BEGIN Source data

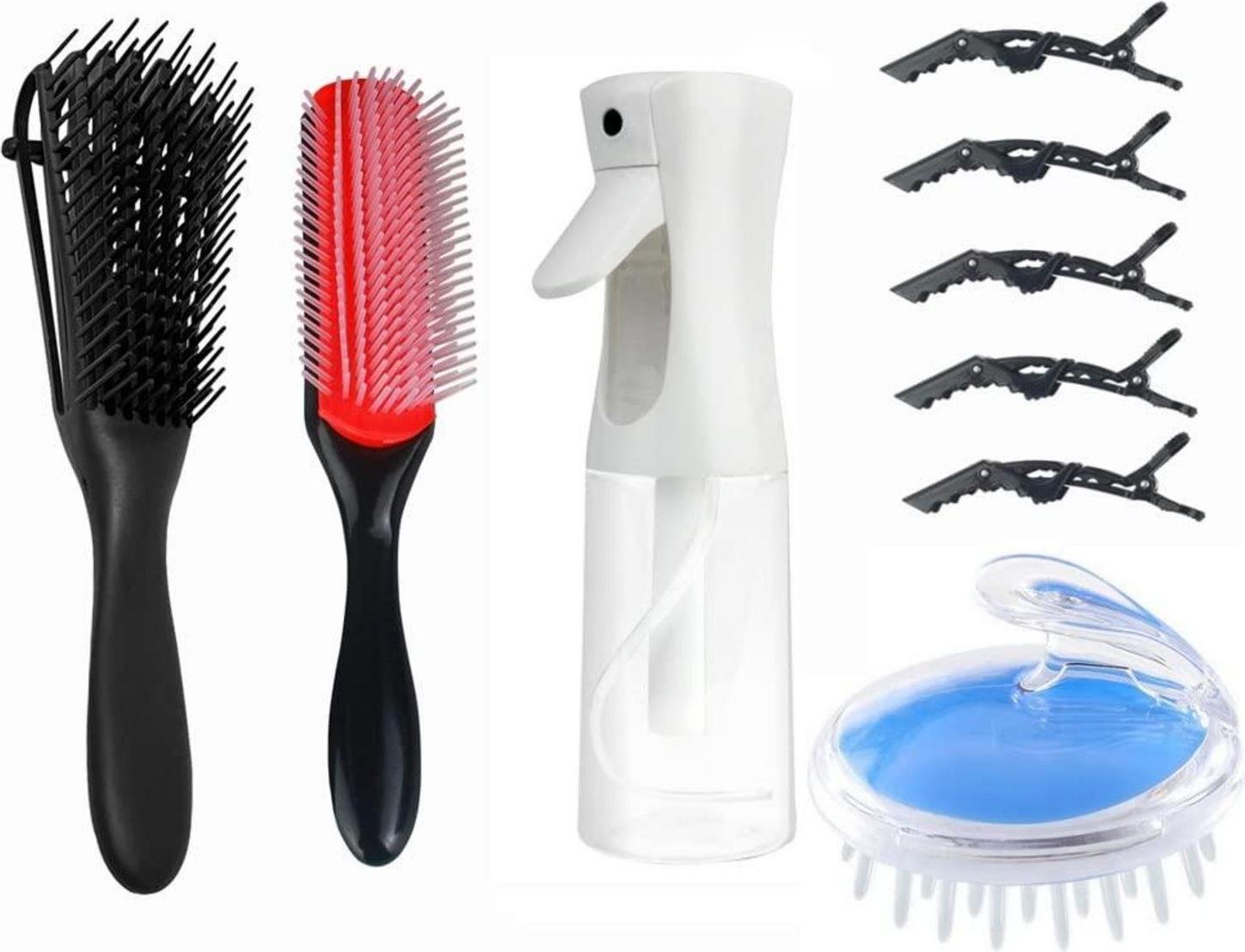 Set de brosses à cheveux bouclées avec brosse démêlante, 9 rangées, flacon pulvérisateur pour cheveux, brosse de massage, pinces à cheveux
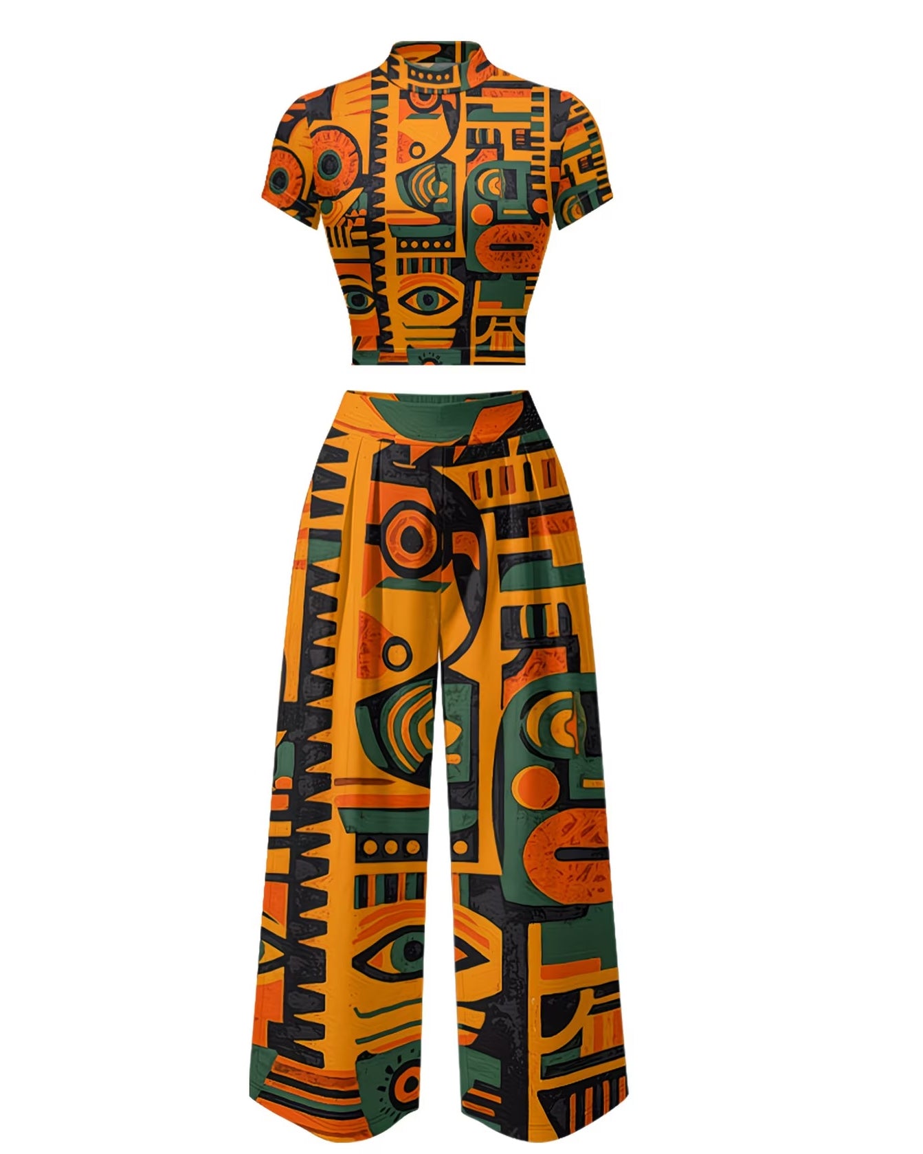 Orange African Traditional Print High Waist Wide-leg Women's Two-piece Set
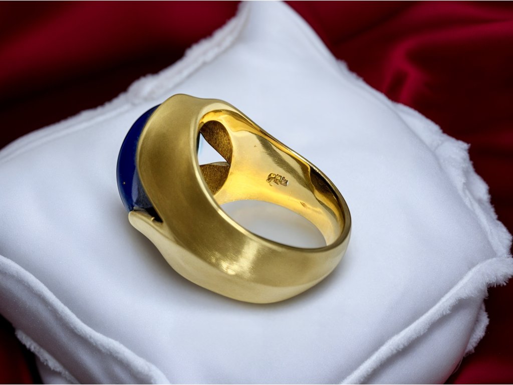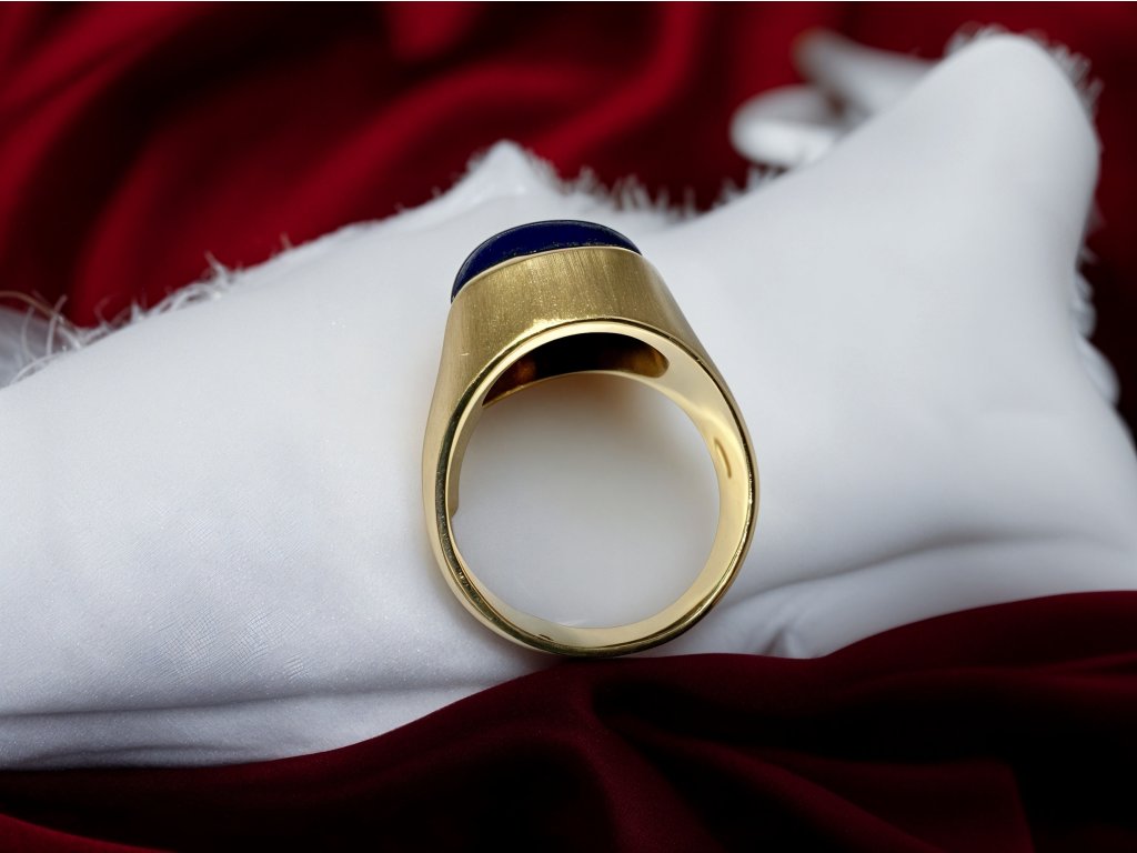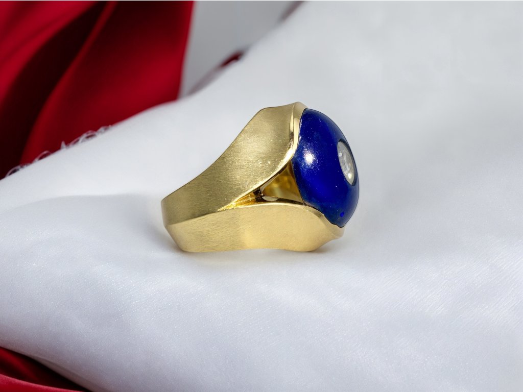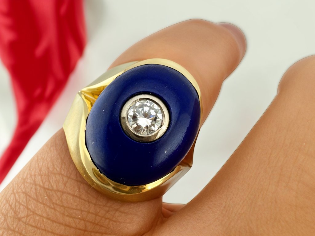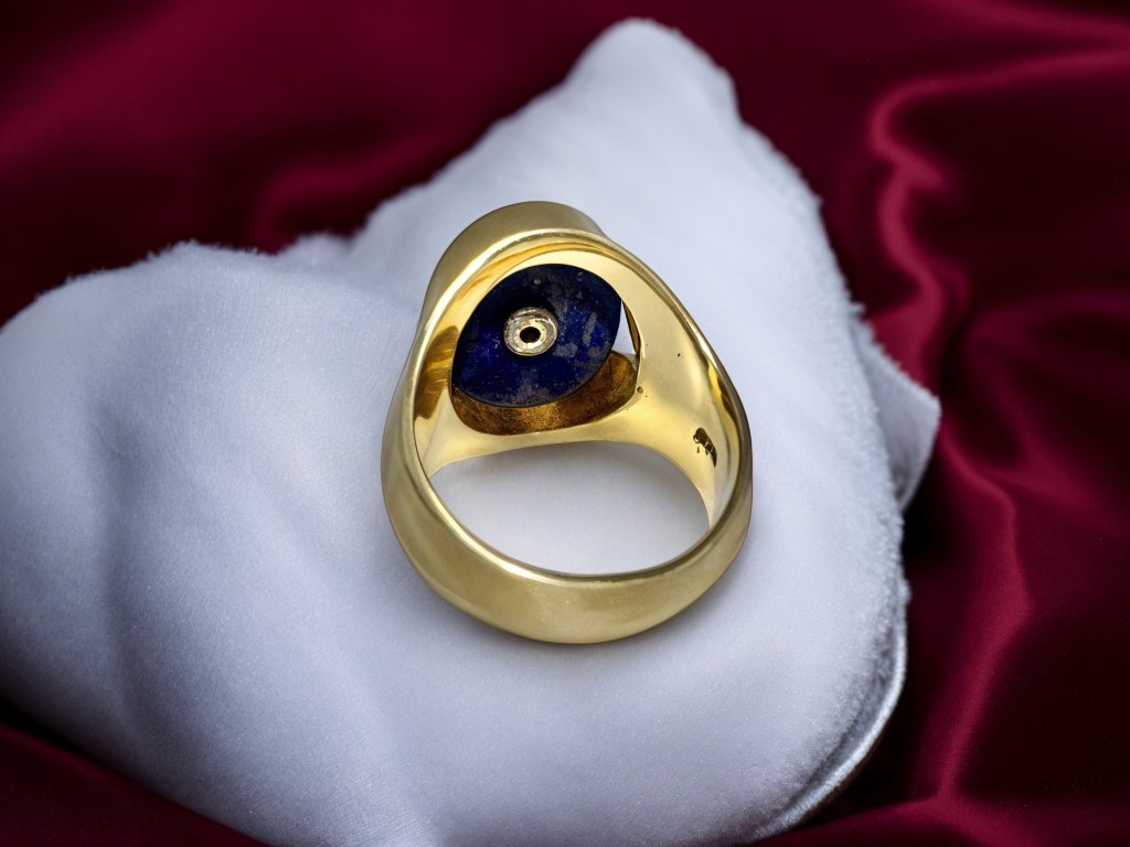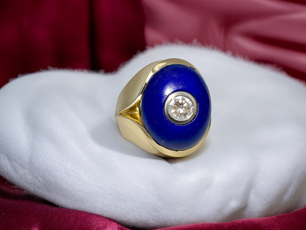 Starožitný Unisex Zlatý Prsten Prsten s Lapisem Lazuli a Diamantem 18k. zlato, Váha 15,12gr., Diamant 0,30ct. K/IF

END Source data
BEGIN Source data

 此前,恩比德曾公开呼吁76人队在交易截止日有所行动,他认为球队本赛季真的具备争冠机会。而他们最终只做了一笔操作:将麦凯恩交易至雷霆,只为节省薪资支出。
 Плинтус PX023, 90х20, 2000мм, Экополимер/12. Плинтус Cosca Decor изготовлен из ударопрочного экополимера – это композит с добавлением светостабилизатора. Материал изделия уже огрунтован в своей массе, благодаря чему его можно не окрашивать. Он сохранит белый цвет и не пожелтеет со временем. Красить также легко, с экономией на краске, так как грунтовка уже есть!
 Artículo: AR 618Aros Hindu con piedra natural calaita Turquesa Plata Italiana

END Source data

-- Required work --
When you reach the line with "Orange African Traditional" in the records above, begin repeating the lines exactly, and stop after the line with "Starožitný Unisex Zlatý". Skip all pictures.

-- Response to the exercise --
 Orange African Traditional Print High Waist Wide-leg Women's Two-piece Set
 Starožitný Unisex Zlatý Prsten Prsten s Lapisem Lazuli a Diamantem 18k. zlato, Váha 15,12gr., Diamant 0,30ct. K/IF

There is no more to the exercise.